Ancora un libro su Auschwitz? È la prima domanda che potrebbe sorgere, quando si prende in mano il saggio di G. Pulina, Auschwitz e la filosofia (Diogene Multimedia, Bologna 2015, pp.172, €12,00). Sì, ancora un libro su Auschwitz, perché, come scrive l’Autore, ogni discorso su Auschwitz si presenta, immancabilmente, come «[…] un esame sulla solidità della memoria, paragonabile ad un congegno sofisticato il cui corretto funzionamento è esposto all’influenza di molteplici fattori» (p. 149).

È misurandosi con tale problematicità che Pulina indaga Auschwitz secondo differenti chiavi di lettura: ponendosi, in primo luogo, la domanda se il lager sorto nei pressi di Oswiecim debba essere considerato “un corpo estraneo” (p.147) al normale corso della storia; quindi, affrontando la questione su chi, tra filosofia, arte e teologia, debba detenere la “titolarità su Auschwitz” (p. 148-149); infine interrogandosi sulla possibilità/necessità di “insegnare Auschwitz” (p.150), a dispetto della labilità della memoria e dei negazionismi risorgenti.

Il testo di Pulina, accurato quanto un saggio scientifico, leggibile quanto un testo che si può dare in mano a dei ragazzi, si cimenta con tali interrogativi attraverso un triplice approccio riflesso nelle tre parti del saggio medesimo.

Nella la prima sezione, più sistematica, Pulina, avvalendosi dell’apporto dei più noti pensatori che su Auschwitz hanno già scritto, espone in termini teoretici la domanda sulla necessità e impossibilità di qualificare Auschwitz in una qualsivoglia casella del pensiero e dell’agire umano: dalla memoria negata alla futurabilità e obsolescenza di Auschwitz; dal suo essere immemorabile alla sua imprescrittibilità, alla necessità di perdonare; dall’impossibilità di parlarne all’ineluttabile compito di scriverne per resistere e ricordare; alla problematica lettura dell’antisemitismo di Heidegger.

Nella seconda sezione, Pulina opera una curiosa e insolita operazione: porta dei filosofi nel lager di Auschwitz e li mette alla prova.
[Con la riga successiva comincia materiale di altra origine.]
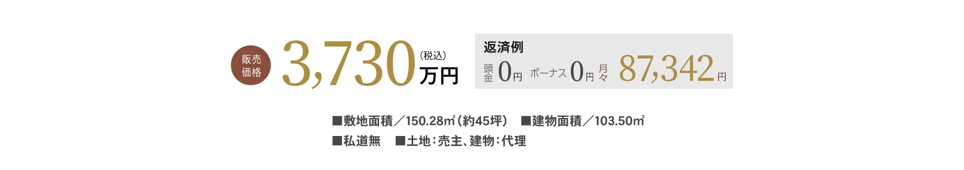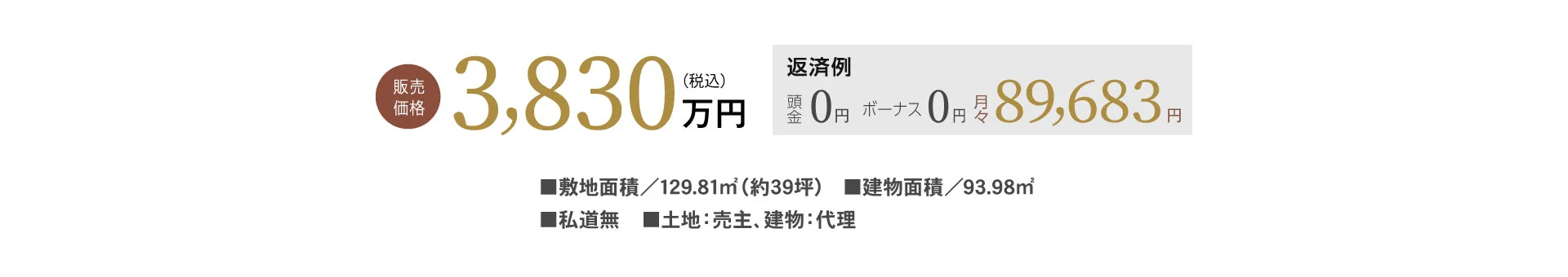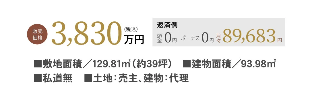 ●所在地/加古川市平岡町土山●交通/JR「土山」駅歩15分●今回販売戸数/4戸●土地129.81㎡(約39坪)〜156.41㎡(約47坪)●建物93.57㎡〜103.50㎡●価格3,490万円〜3,830万円●私道無●第一種住居●1・2号地2025年6月完成済、5・6号地2025年7月完成予定●関西電力・オール電化・公営水道・公共下水●建築確認番号/5号地第HK24-21505号、6号地第HK24-21506号●道路幅員/約6.0m●土地:売主(勝美住宅)、建物1号地売主(パル建設)・2号地売主(パル建設)・5号地売主(明石住建)・6号地売主(明石住建)●紙面中の返済金額計算金利は令和7年7月16日現在の金利です。●金融機関/みなと銀行・40年返済・変動金利0.595%。(基準金利2.875%より2.280%優遇)審査の結果により金利は決定します。お借入金利は、ご契約時点の金利を適用しますので、申し込み時点の金利と異なる場合があります。・融資対象者①20歳以上65歳の誕生日まで且完済時80歳の誕生日まで②返済期間40年以内③団体信用生命保険に加入(保険料銀行負担)④前年度税込年収250万円以上⑤金融機関指定保証会社の保証が条件・融資限度額:価格の110%以内または1億円以内・原則融資対象建物に第一順位抵当権設定・事務手数料:55,000円(税込)・融資手数料:融資金額100万円あたり22,000円(税込)・火災保険付保(保険料はお客様負担)上記の金利優遇、保証料については、お客様の審査内容により変動する可能性があります。紙面の返済計画は40年返済です。別途諸経費要。★掲載物件は令和7年10月13日現在です。契約済の場合はご容赦ください。広告有効期限/令和7年11月30日

Interroga il Candido di Voltaire e la teodicea di Leibniz, il “ritrarsi di Dio” di Jonas e la banalità del male della Arendt o, per meglio dire, del nazista Eichmann, fino a prendere in esame le più recenti assunzioni del sociologo Zygmunt Bauman.

Infine, la terza parte, la più breve, propone una disamina dell’antisemitismo in dieci libri, rispettivamente a firma di Karl Marx, Bernard Lazare, Theodor Lessing, Sigmund Freud, Jean Paul Sartre, Hannah Arendt, Theodor Adorno, Leon Poliakov, Tzvetan Todorov, Furio Jesi. L’elenco di tali e tanti autori non spaventi il lettore: le recensioni delle rispettive opere che Pulina propone sono agili e di immediata lettura.

In ultima analisi, un testo che si presenta come una sorta di “breve summa” su quanto per Auschwitz e attorno ad Auschwitz è stato detto e pensato.

Se si volesse indicare non diciamo una lacuna, ma un ulteriore campo di indagine su cosa Auschwitz significhi per noi contemporanei, ci chiederemmo: ma come Auschwitz è oggi pensata e insegnata alle nuove generazioni di studenti e soldati ebrei? È forse possibile che la memoria di Auschwitz, in qualche modo tradita e con un’incredibile rovesciamento della storia, sia oggi la “magna charta” del nazionalismo sionista e della sua politica antisemita a danno dei rifugiati palestinesi e dei loro Territori Occupati?

Questa ipotetica domanda non trova campo in Auschwitz e la filosofia, ma non è detto che l’Autore non voglia prenderla in esame per le sue future ricerche.